BEGIN Material shown

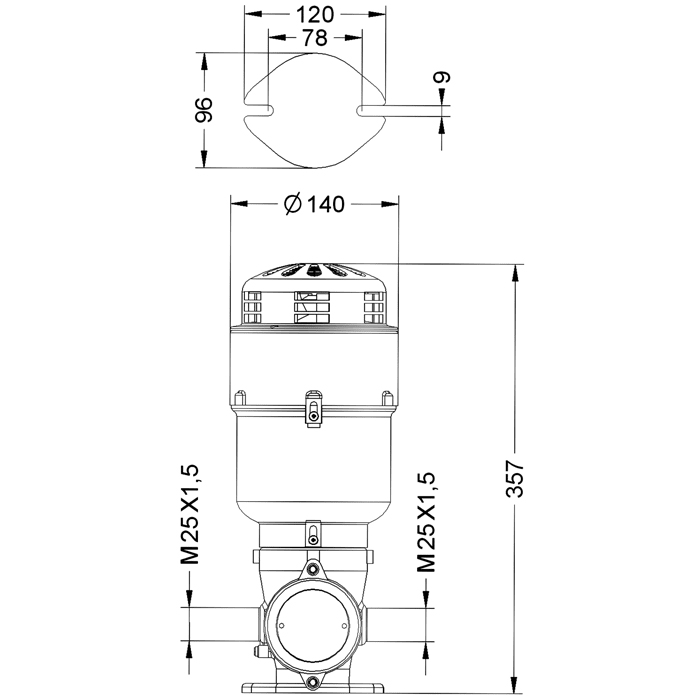 Sirene elettromeccaniche antideflagranti di dimensione maggiore rispetto alla gamma MINICELERE, progettate e costruite per tutte quelle applicazioni dove è necessario un maggiore livello di suono. I dispositivi della gamma SUPERCELERE sono una combinazione unica di precisione e tecnologia uniti a 30 anni di esperienza che Sirena ha maturato nel settore delle sirene elettromeccaniche. Sirene elettromeccaniche antideflagranti per impiego in aree del Gruppo II con atmosfera esplosiva per zona 1, 2, 21 e 22.II 2GD Ex d e IIC T6 Ex tD A21 IP66 T85 °C . Omologazione: CESI 10 ATEX 038 X . Corpo in lega di alluminio esente da rame. Verniciatura poliestere RAL 3020. Intensità del suono: max. 107 dB(A)1m. Protezione: IP 66. Temperatura massima superficiale: T6
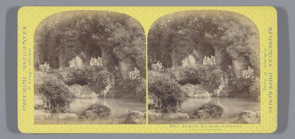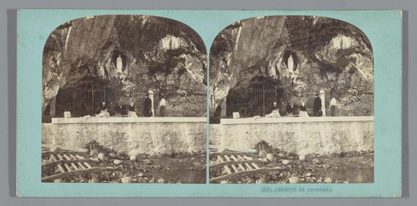 Curator: This albumen print captures a slice of Berlin's history: S.P. Christmann’s photograph, likely taken between 1869 and 1890, showcases the freshwater section of the Berliner Aquarium, as seen from the aviary. Editor: Immediately, I am struck by how meticulously artificial the natural world seems. The grotto-like structures and subdued lighting evoke an atmosphere that is at once theatrical and haunting. It’s a captivating tableau of fabricated wilderness. Curator: You know, aquariums like this one were enormously popular during that period. They became a crucial way to educate the public about natural history and colonial encounters with new worlds. The display isn’t simply showing nature; it's crafting an experience, one deeply enmeshed with public edification and, honestly, empire. Editor: Yes, there’s a strong element of staged exoticism. That meticulously constructed rocky facade almost mocks the natural erosion that carves out true grottos. What seems like nature is essentially architectural and scenographic! It invites contemplation about how we’ve sought to categorize and capture nature within a very specific, controlled lens. Curator: Absolutely! And if we observe the albumen print process here—it was chosen to be readily reproduced and consumed, signifying photography's power to render the exotic "knowable" for the growing middle class. The multiple images further invite you to step into the three-dimensionality of the scene. Editor: True, there’s something particularly powerful about witnessing the staged scene from the perspective of an aviary. Is the viewer observing nature? Or are they being observed by it? The blurring of lines suggests an interplay of captivity and spectacle that I believe reveals far more than just an architectural space; it shows our human need to curate the world. Curator: Considering all the political, socio-economic dimensions that can be excavated from what we have just been talking about – its pretty stunning work isn’t it! Editor: Definitely! In delving into this constructed slice of history, my initial impression transforms into an understanding of staged landscapes and social reflections from the 19th century!
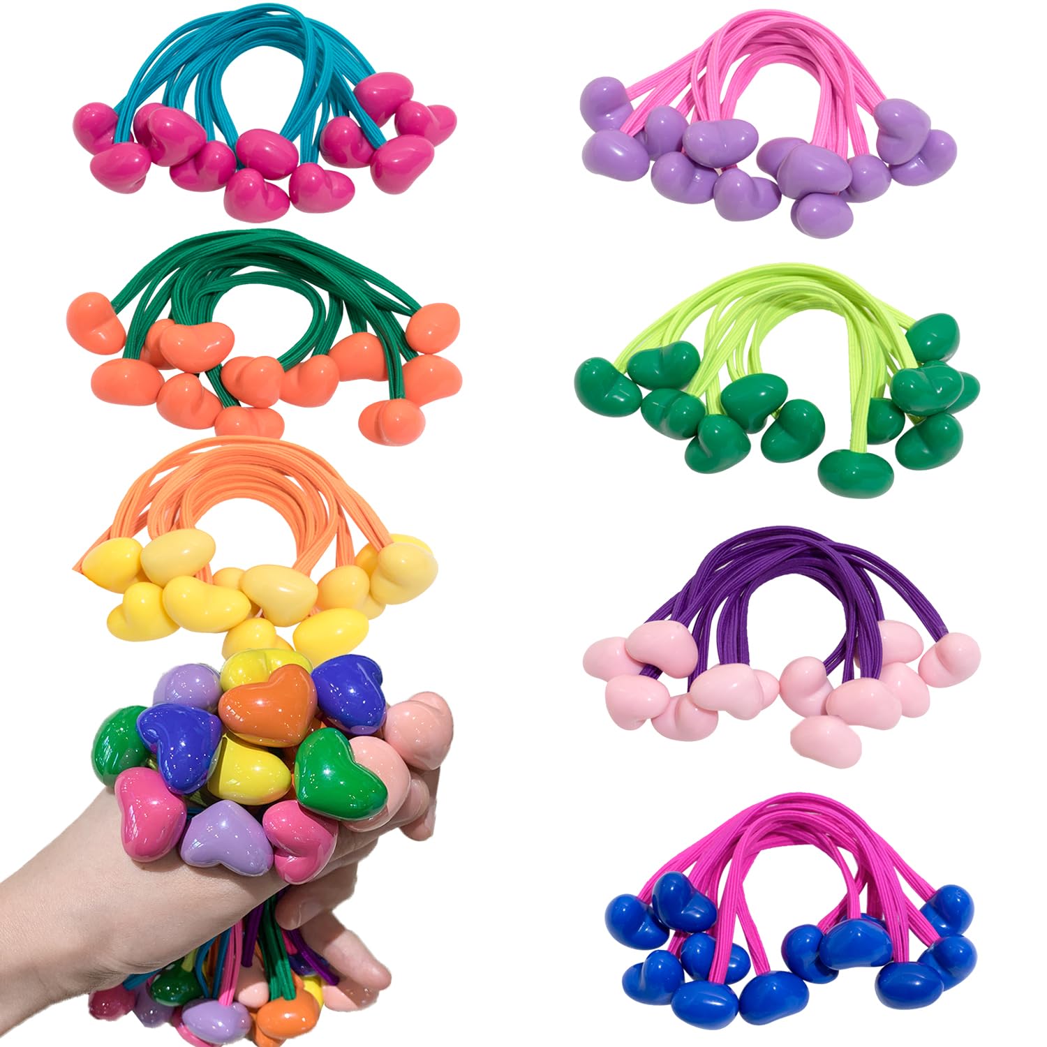 42 ligas para el cabello con forma de bola de corazón, bola de abalorios, soportes para cola de caballo de burbujas, coloridos, tr
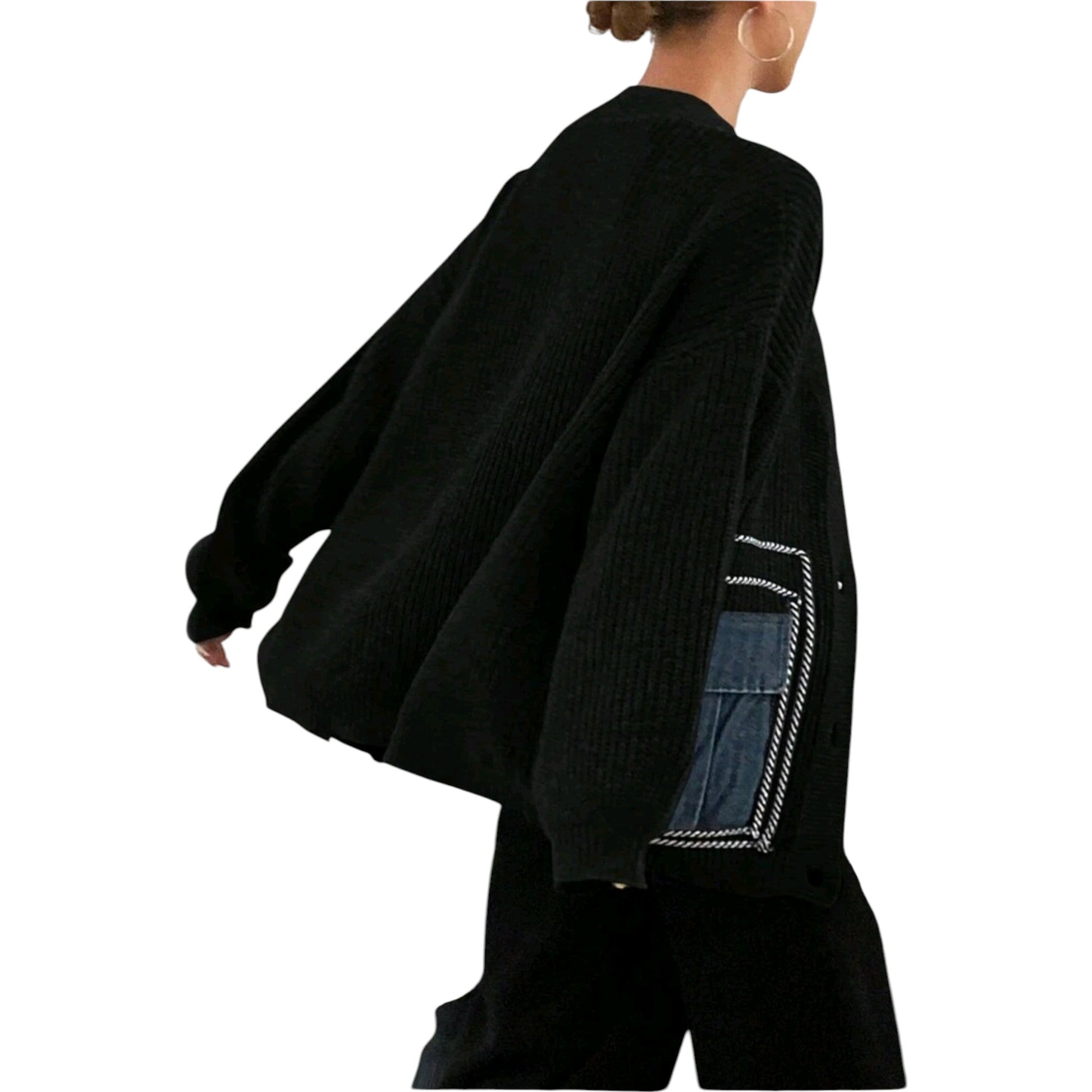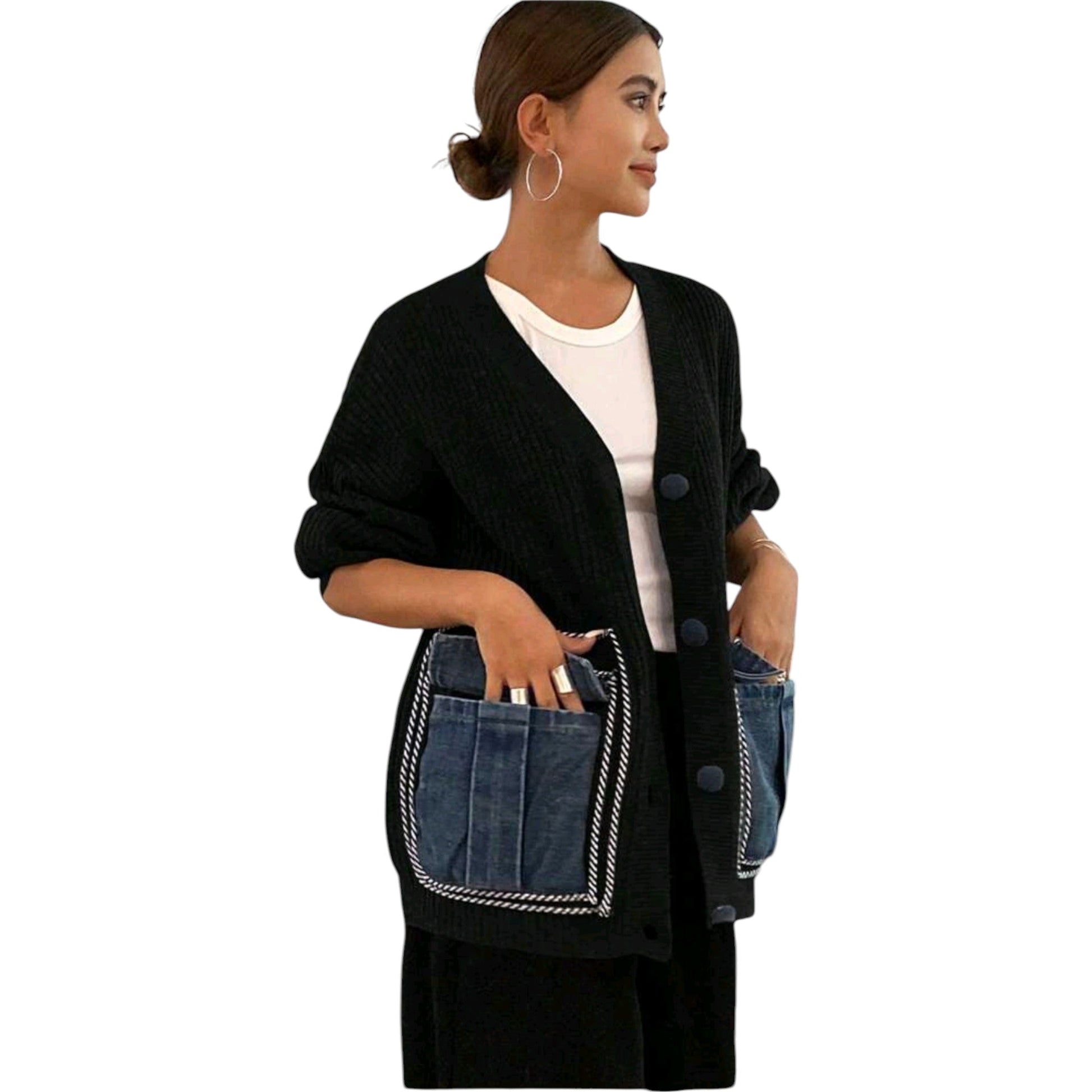 Címke nélküli, fekete, gombos, hosszú ujjú, denim zsebekkel, kötött
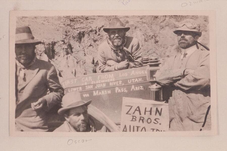 The Zahn party which took the Franklin car to the Zahn Mine on the San Juan River with the crop of "Spinach" after 6 weeks growth on a tour of 2089 miles. Hector, Oscar, Paul, Ozwald
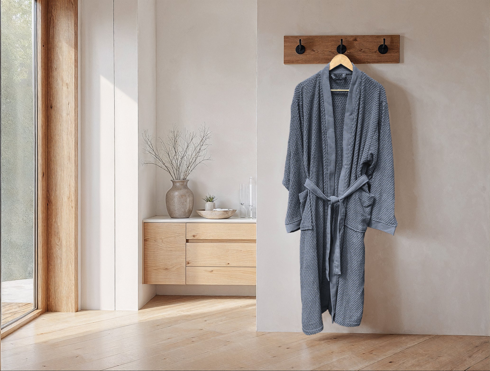 De Grant badjas van Heckettlane in Insignia Blue voelt heerlijk zacht en ademend aan dankzij 100% katoen. Perfect om in weg te kruipen na een drukke dag of een heerlijke douche. De comfortabele pasvorm en handige zakken maken deze badjas een stijlvolle en praktische keuze voor dagelijks comfort. Ervaar het luxe gevoel van Heckettlane bij elke draagbeurt.
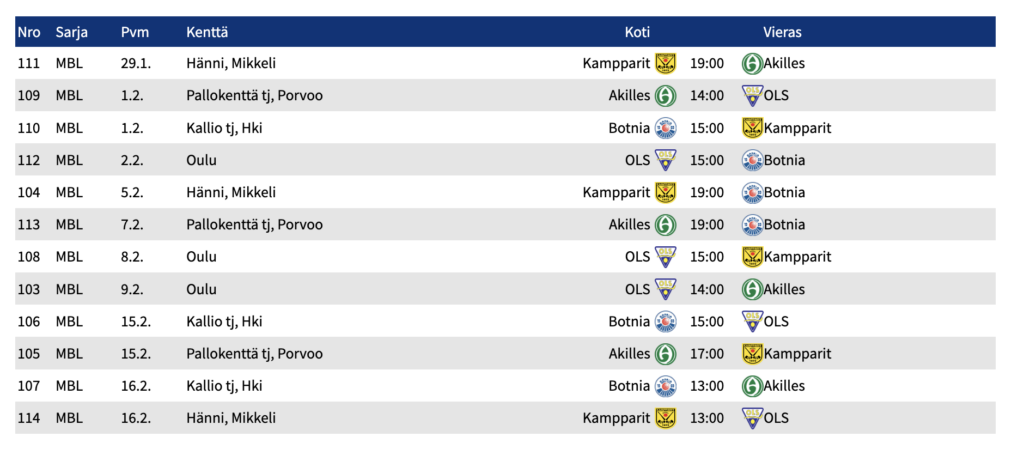 | 3 | Kampparit | 0 | 0 | 0 | 0 | 0 | 1 |
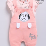 Peanuts baby dungaree, Bela baby girl outfit, dark peach dungaree set, cute baby girl clothes, summer baby dungaree, cotton infant outfit, Peanuts character baby wear, soft cotton baby dungaree, stylish baby outfit online, breathable baby clothing for girls
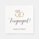These napkins say Engaged! along with a pair of white and gold diamond wedding rings with and the bride and grooms names on the bottom. Perfect custom napkins for an engagement party.
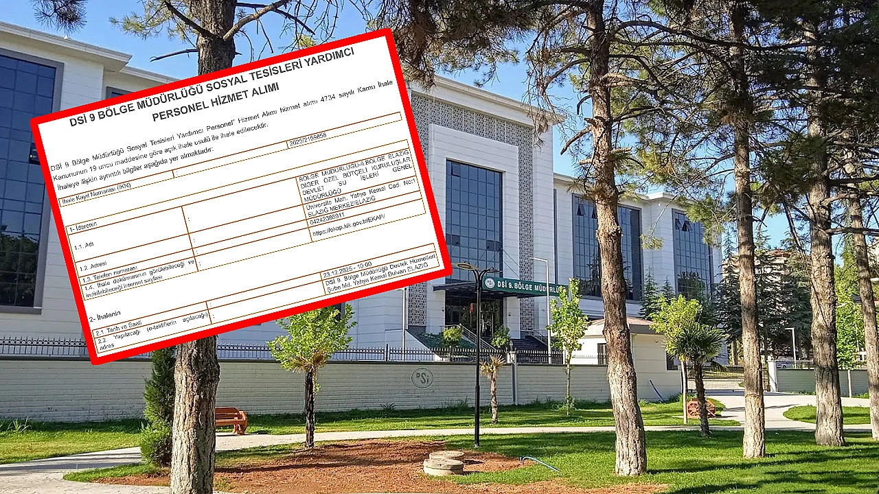 Devlet Su İşleri (DSİ) 9. Bölge Müdürlüğü, Elazığ'daki sosyal tesislerinde çalıştırılmak üzere toplam 25 yardımcı personel alımı için ihale düzenleyeceğini duyurdu. 4734 sayılı Kamu İhale Kanunu'nun 19. maddesine göre açık ihale usulü ile yapılacak olan ihale, 23 Aralık 2025 tarihinde gerçekleştirilecek. İşte detaylar…
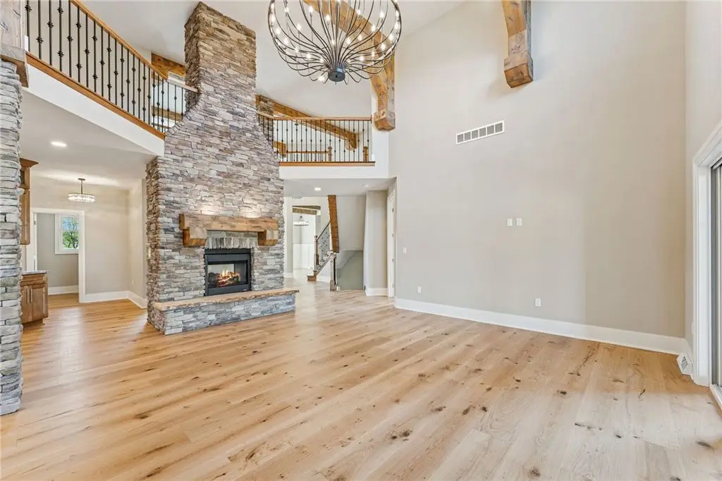 Discover rustic charm blended seamlessly with modern elegance in this stunning 1.5-story home in Tuscany II of Peters Township. This residence offers thoughtful design and refined finishes throughout. The hardwood floors, custom milled stained woodwork, and soaring two-story & cathedral ceilings combine to create a sense of warmth & grandeur. The Gourmet kitchen features Cafe appliances, custom cabinetry, and a spacious layout ideal for entertaining. The adjoining great room w/ double-sided stone fireplace provides a cozy yet elegant gathering space. The main-level owner's suite is a retreat of its own with a decorative tray ceiling, luxury bath, and walk-in closet. Additional living spaces include a private study, formal dining room, and a finished basement perfect for entertaining. Outdoor living with a covered patio with outdoor fireplace provide ample space for entertaining. This property perfectly balances timeless character with contemporary luxury.

END Material shown

▶ [Task to complete]:
The expected output is every entry, retyped exactly, with all pictures removed.

▶ [Completed exercise]:
 Sirene elettromeccaniche antideflagranti di dimensione maggiore rispetto alla gamma MINICELERE, progettate e costruite per tutte quelle applicazioni dove è necessario un maggiore livello di suono. I dispositivi della gamma SUPERCELERE sono una combinazione unica di precisione e tecnologia uniti a 30 anni di esperienza che Sirena ha maturato nel settore delle sirene elettromeccaniche. Sirene elettromeccaniche antideflagranti per impiego in aree del Gruppo II con atmosfera esplosiva per zona 1, 2, 21 e 22.II 2GD Ex d e IIC T6 Ex tD A21 IP66 T85 °C . Omologazione: CESI 10 ATEX 038 X . Corpo in lega di alluminio esente da rame. Verniciatura poliestere RAL 3020. Intensità del suono: max. 107 dB(A)1m. Protezione: IP 66. Temperatura massima superficiale: T6
 Curator: This albumen print captures a slice of Berlin's history: S.P. Christmann’s photograph, likely taken between 1869 and 1890, showcases the freshwater section of the Berliner Aquarium, as seen from the aviary. Editor: Immediately, I am struck by how meticulously artificial the natural world seems. The grotto-like structures and subdued lighting evoke an atmosphere that is at once theatrical and haunting. It’s a captivating tableau of fabricated wilderness. Curator: You know, aquariums like this one were enormously popular during that period. They became a crucial way to educate the public about natural history and colonial encounters with new worlds. The display isn’t simply showing nature; it's crafting an experience, one deeply enmeshed with public edification and, honestly, empire. Editor: Yes, there’s a strong element of staged exoticism. That meticulously constructed rocky facade almost mocks the natural erosion that carves out true grottos. What seems like nature is essentially architectural and scenographic! It invites contemplation about how we’ve sought to categorize and capture nature within a very specific, controlled lens. Curator: Absolutely! And if we observe the albumen print process here—it was chosen to be readily reproduced and consumed, signifying photography's power to render the exotic "knowable" for the growing middle class. The multiple images further invite you to step into the three-dimensionality of the scene. Editor: True, there’s something particularly powerful about witnessing the staged scene from the perspective of an aviary. Is the viewer observing nature? Or are they being observed by it? The blurring of lines suggests an interplay of captivity and spectacle that I believe reveals far more than just an architectural space; it shows our human need to curate the world. Curator: Considering all the political, socio-economic dimensions that can be excavated from what we have just been talking about – its pretty stunning work isn’t it! Editor: Definitely! In delving into this constructed slice of history, my initial impression transforms into an understanding of staged landscapes and social reflections from the 19th century!
 42 ligas para el cabello con forma de bola de corazón, bola de abalorios, soportes para cola de caballo de burbujas, coloridos, tr
 Címke nélküli, fekete, gombos, hosszú ujjú, denim zsebekkel, kötött
 The Zahn party which took the Franklin car to the Zahn Mine on the San Juan River with the crop of "Spinach" after 6 weeks growth on a tour of 2089 miles. Hector, Oscar, Paul, Ozwald
 De Grant badjas van Heckettlane in Insignia Blue voelt heerlijk zacht en ademend aan dankzij 100% katoen. Perfect om in weg te kruipen na een drukke dag of een heerlijke douche. De comfortabele pasvorm en handige zakken maken deze badjas een stijlvolle en praktische keuze voor dagelijks comfort. Ervaar het luxe gevoel van Heckettlane bij elke draagbeurt.
 | 3 | Kampparit | 0 | 0 | 0 | 0 | 0 | 1 |
 Peanuts baby dungaree, Bela baby girl outfit, dark peach dungaree set, cute baby girl clothes, summer baby dungaree, cotton infant outfit, Peanuts character baby wear, soft cotton baby dungaree, stylish baby outfit online, breathable baby clothing for girls
These napkins say Engaged! along with a pair of white and gold diamond wedding rings with and the bride and grooms names on the bottom. Perfect custom napkins for an engagement party.
 Devlet Su İşleri (DSİ) 9. Bölge Müdürlüğü, Elazığ'daki sosyal tesislerinde çalıştırılmak üzere toplam 25 yardımcı personel alımı için ihale düzenleyeceğini duyurdu. 4734 sayılı Kamu İhale Kanunu'nun 19. maddesine göre açık ihale usulü ile yapılacak olan ihale, 23 Aralık 2025 tarihinde gerçekleştirilecek. İşte detaylar…
 Discover rustic charm blended seamlessly with modern elegance in this stunning 1.5-story home in Tuscany II of Peters Township. This residence offers thoughtful design and refined finishes throughout. The hardwood floors, custom milled stained woodwork, and soaring two-story & cathedral ceilings combine to create a sense of warmth & grandeur. The Gourmet kitchen features Cafe appliances, custom cabinetry, and a spacious layout ideal for entertaining. The adjoining great room w/ double-sided stone fireplace provides a cozy yet elegant gathering space. The main-level owner's suite is a retreat of its own with a decorative tray ceiling, luxury bath, and walk-in closet. Additional living spaces include a private study, formal dining room, and a finished basement perfect for entertaining. Outdoor living with a covered patio with outdoor fireplace provide ample space for entertaining. This property perfectly balances timeless character with contemporary luxury.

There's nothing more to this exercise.